THE RECORDS: Begin

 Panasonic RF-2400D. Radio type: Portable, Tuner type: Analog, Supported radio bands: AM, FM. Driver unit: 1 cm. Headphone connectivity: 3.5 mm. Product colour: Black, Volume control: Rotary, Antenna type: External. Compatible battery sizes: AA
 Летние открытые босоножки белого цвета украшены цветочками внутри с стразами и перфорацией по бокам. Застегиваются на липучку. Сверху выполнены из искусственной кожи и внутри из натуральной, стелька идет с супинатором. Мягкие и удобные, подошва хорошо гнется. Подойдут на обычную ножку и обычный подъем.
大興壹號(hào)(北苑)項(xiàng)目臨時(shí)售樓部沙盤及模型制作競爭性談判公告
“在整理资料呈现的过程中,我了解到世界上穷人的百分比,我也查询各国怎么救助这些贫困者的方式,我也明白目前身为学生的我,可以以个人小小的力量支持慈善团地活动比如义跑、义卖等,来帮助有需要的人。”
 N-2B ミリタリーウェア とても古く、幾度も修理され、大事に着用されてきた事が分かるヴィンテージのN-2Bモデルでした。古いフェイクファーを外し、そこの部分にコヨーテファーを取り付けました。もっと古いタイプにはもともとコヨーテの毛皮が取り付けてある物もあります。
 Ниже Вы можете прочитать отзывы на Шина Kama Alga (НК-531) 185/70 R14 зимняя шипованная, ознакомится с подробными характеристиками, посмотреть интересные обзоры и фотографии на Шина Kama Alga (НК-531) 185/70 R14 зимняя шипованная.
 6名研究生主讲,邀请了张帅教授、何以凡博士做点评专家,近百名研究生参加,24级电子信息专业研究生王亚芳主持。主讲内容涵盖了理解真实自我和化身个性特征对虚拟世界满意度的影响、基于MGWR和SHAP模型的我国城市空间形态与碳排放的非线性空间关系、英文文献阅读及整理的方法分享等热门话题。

THE RECORDS: End

Nothing in the data may be omitted; transcribe it exactly.

§ **EXERCISE ANSWER**:
 Panasonic RF-2400D. Radio type: Portable, Tuner type: Analog, Supported radio bands: AM, FM. Driver unit: 1 cm. Headphone connectivity: 3.5 mm. Product colour: Black, Volume control: Rotary, Antenna type: External. Compatible battery sizes: AA
 Летние открытые босоножки белого цвета украшены цветочками внутри с стразами и перфорацией по бокам. Застегиваются на липучку. Сверху выполнены из искусственной кожи и внутри из натуральной, стелька идет с супинатором. Мягкие и удобные, подошва хорошо гнется. Подойдут на обычную ножку и обычный подъем.
大興壹號(hào)(北苑)項(xiàng)目臨時(shí)售樓部沙盤及模型制作競爭性談判公告
“在整理资料呈现的过程中,我了解到世界上穷人的百分比,我也查询各国怎么救助这些贫困者的方式,我也明白目前身为学生的我,可以以个人小小的力量支持慈善团地活动比如义跑、义卖等,来帮助有需要的人。”
 N-2B ミリタリーウェア とても古く、幾度も修理され、大事に着用されてきた事が分かるヴィンテージのN-2Bモデルでした。古いフェイクファーを外し、そこの部分にコヨーテファーを取り付けました。もっと古いタイプにはもともとコヨーテの毛皮が取り付けてある物もあります。
 Ниже Вы можете прочитать отзывы на Шина Kama Alga (НК-531) 185/70 R14 зимняя шипованная, ознакомится с подробными характеристиками, посмотреть интересные обзоры и фотографии на Шина Kama Alga (НК-531) 185/70 R14 зимняя шипованная.
 6名研究生主讲,邀请了张帅教授、何以凡博士做点评专家,近百名研究生参加,24级电子信息专业研究生王亚芳主持。主讲内容涵盖了理解真实自我和化身个性特征对虚拟世界满意度的影响、基于MGWR和SHAP模型的我国城市空间形态与碳排放的非线性空间关系、英文文献阅读及整理的方法分享等热门话题。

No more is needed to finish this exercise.